In an event set to spill over to Monday after flooding led to around ten hours of play being lost on Thursday and Friday, both Bland and Ian Poulter, who sits on eight-under, are in the mix at the halfway stage in what could be their final DP World Tour for some time.
“No,” insisted Bland to being asked if he was out to prove a point by landing a big win just ahead of an arbitration case involving the DP World Tour and a group of 13 LIV Golf players. “I'm not trying to kind of get one over on the guys that are out here. I've got a lot of good friends out here, and a lot of them have shown support.

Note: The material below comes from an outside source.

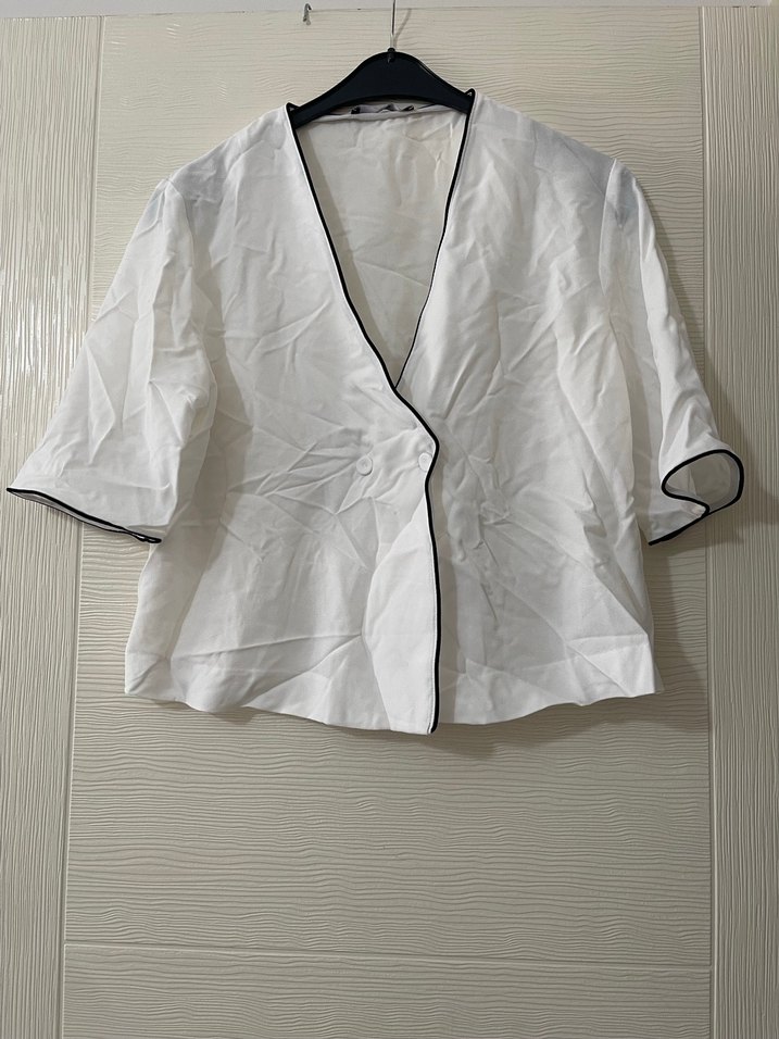V yaka, düğmeli beyaz gömlek, kısa kollu ve bol kesim. Kenarlarında siyah şerit detayları bulunur, günlük sokak stili için uygundur.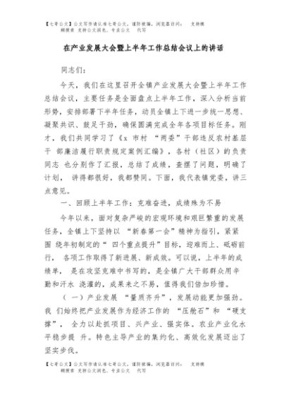 / 【七哥公文】2025年:在产业发展大会暨上半年工作总结会议上的讲话+更多免费公文+VX:QiGeGongWen2024

“So, no, I'm just here to do the best I can and hopefully give myself a chance to go one better than I did last year. I'm not out here to try and make any enemies or anything like that with any comments that I make or whatever.”
Bland was offered his chance on Greg Norman’s Saudi-backed LIV Golf circuit on the back of landing a breakthrough DP World Tour triumph at the 478th attempt in the 2021 Betfred British Masters at The Belfry.
“I think everybody understands my position at the age that I'm at and the opportunity put in front of me,” he said after carding a second successive 67 on the Majlis Course. “I don't think anyone in that position would have turned it down.
“But if I was exempt on to the Champions Tour, I probably wouldn't have taken it because that's where I sort of saw my future. But Champions Tour is the hardest tour in the world to get exempt, and sometimes you have to take the opportunity that's in front of you and that's what I did and I'm glad I did.”
While he’s fully exempt for the DP World Tour this season, only time will tell how many events he’ll get to play in. “I've got an interest in it because it can affect my future playing DP World events this year, but I will let the lawyers sort it out and see what comes,” he said of that arbitration hearing, which starts next Monday in London and will run for five days. “I have no idea which way it's going to go. I hear both sides have got good cases.”
Poulter, who is chasing a 13th DP World Tour win, eagled the 13th in his second round, having opened with a bogey-free 65 on Friday. “I've played pretty much flawless golf,” he said. “Round one, no bogeys, seven birdies, which was nice. And today, I had just as many chances. I just didn't take them. So a little bit frustrated.”